Updated by livdywan almost 4 years ago
- Due date changed from 2020-12-24 to 2021-01-08
- Status changed from Workable to Feedback
I suppose this is still being researched, hence setting to Feedback. Also bumping the due date to account for holidays.
Updated by livdywan almost 4 years ago
Updated by okurz almost 4 years ago
In today's meeting we discussed a couple of things. One of the last point we mentioned what could be done is to just add the df dependency and trigger the cleanup as soon as df reports not enough space without changing the cleanup implementation. In other words: Whenever new jobs are triggered or would be triggered, call df, compare against configured limit, if not enough free space trigger cleanup and not wait for next periodic, e.g. "nightly", cleanup job. Please split that into a subtask and turn this ticket into epic.
Please for now work under the assumption that calling df is cheap and precise enough.
Updated by okurz almost 4 years ago
- Subject changed from Automatically remove assets+results based on available free space to [epic] Automatically remove assets+results based on available free space
created subtask #88121
Updated by mkittler almost 4 years ago
More points from the discussion:
- In the end the "df computation" should be exchangeable with a custom script to return the free percentage to cope with more complicated setups and file systems.
- There could be a dry-run which would run only the video deletion steps (which don't rely on calling df after each deleted job). That would be useful for testing.
- The UI should make it clear that the storage durations are not guaranteed.
Updated by mkittler almost 4 years ago
The PR https://github.com/os-autoinst/openQA/pull/3635 has been merged. I had to remove usages of df during the cleanup. That means it would now be actually easy to provide a dry-run. I think it is worth implementing a dry-run feature so we can enable it in production with more confidence that it won't delete too much. So that would be my next step.
Updated by mkittler almost 4 years ago
The dry run is still not that easy after all because the screenshot deletion needed to take into account which jobs would have been deleted so far. Maybe I could use a database transaction for that.
I've also noticed that there's one bug I need to fix: So far the size of symlinks (or better their targets) is taken into account but that shouldn't be the case here.
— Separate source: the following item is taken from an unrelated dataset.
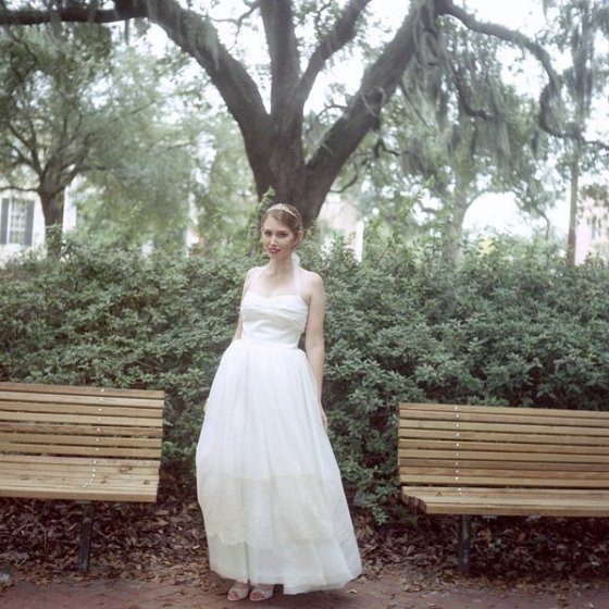 Wearing my mother’s veil that she wore when she married my father in 1979.

Updated by mkittler almost 4 years ago
So far the size of symlinks (or better their targets) is taken into account but that shouldn't be the case here.
A fix for that has already been merged: https://github.com/os-autoinst/openQA/pull/3705
As already mentioned, the dry-run would be more work to implement as I thought. It looks like I'd needed to introduce quite some dry-run specific code which would defeat the point of having the dry-run in the first place. So I won't create a PR for that after all. Maybe some people in the team like to help testing the feature by enabling results_min_free_disk_space_percentage
within [misc_limits]
locally? It would make sense to check whether df returns something that makes sense, e.g. check whether the output of script/openqa eval -V use Filesys::Df; Filesys::Df::df(OpenQA::Utils::resultdir, 1)
makes sense.
Updated by okurz almost 4 years ago
mkittler wrote:
It would make sense to check whether df returns something that makes sense, e.g. check whether the output of
script/openqa eval -V use Filesys::Df; Filesys::Df::df(OpenQA::Utils::resultdir, 1)
makes sense.
okurz@ariel:~> sudo -u geekotest /usr/share/openqa/script/openqa eval -V 'use Filesys::Df; Filesys::Df:: df(OpenQA::Utils::resultdir, 1)'
{
"bavail" => '2946475061248',
"bfree" => '2946475061248',
"blocks" => '5495946461184',
"favail" => 2029143627,
"ffree" => 2029143627,
"files" => 2147483200,
"fper" => 6,
"fused" => 118339573,
"per" => 46,
"su_bavail" => '2946475061248',
"su_blocks" => '5495946461184',
"su_favail" => 2029143627,
"su_files" => 2147483200,
"used" => '2549471399936',
"user_bavail" => '2946475061248',
"user_blocks" => '5495946461184',
"user_favail" => 2029143627,
"user_files" => 2147483200,
"user_fused" => 118339573,
"user_used" => '2549471399936'
}
okurz@ariel:~> df -h
Filesystem Size Used Avail Use% Mounted on
...
/dev/vdb1 5.0T 2.4T 2.7T 47% /space
/dev/mapper/vg0-assets 3.0T 1.8T 1.3T 57% /assets
...
okurz@ariel:~> df
Filesystem 1K-blocks Used Available Use% Mounted on
...
/dev/vdb1 5367135216 2489716592 2877418624 47% /space
/dev/vdc 104847360 25452500 79394860 25% /var/lib/pgsql
/dev/mapper/vg0-assets 3219652608 1829882016 1389770592 57% /assets
...
okurz@ariel:~> echo $((2877418624*1024))
2946476670976
so, ... yes?
Updated by mkittler almost 4 years ago
I guess it makes sense. Note that /space/snapshot-changes/opensuse
is on the same partition. Not sure what it is used for but it would of course be problematic if it could possibly fill the entire disk space and might need its own cleanup.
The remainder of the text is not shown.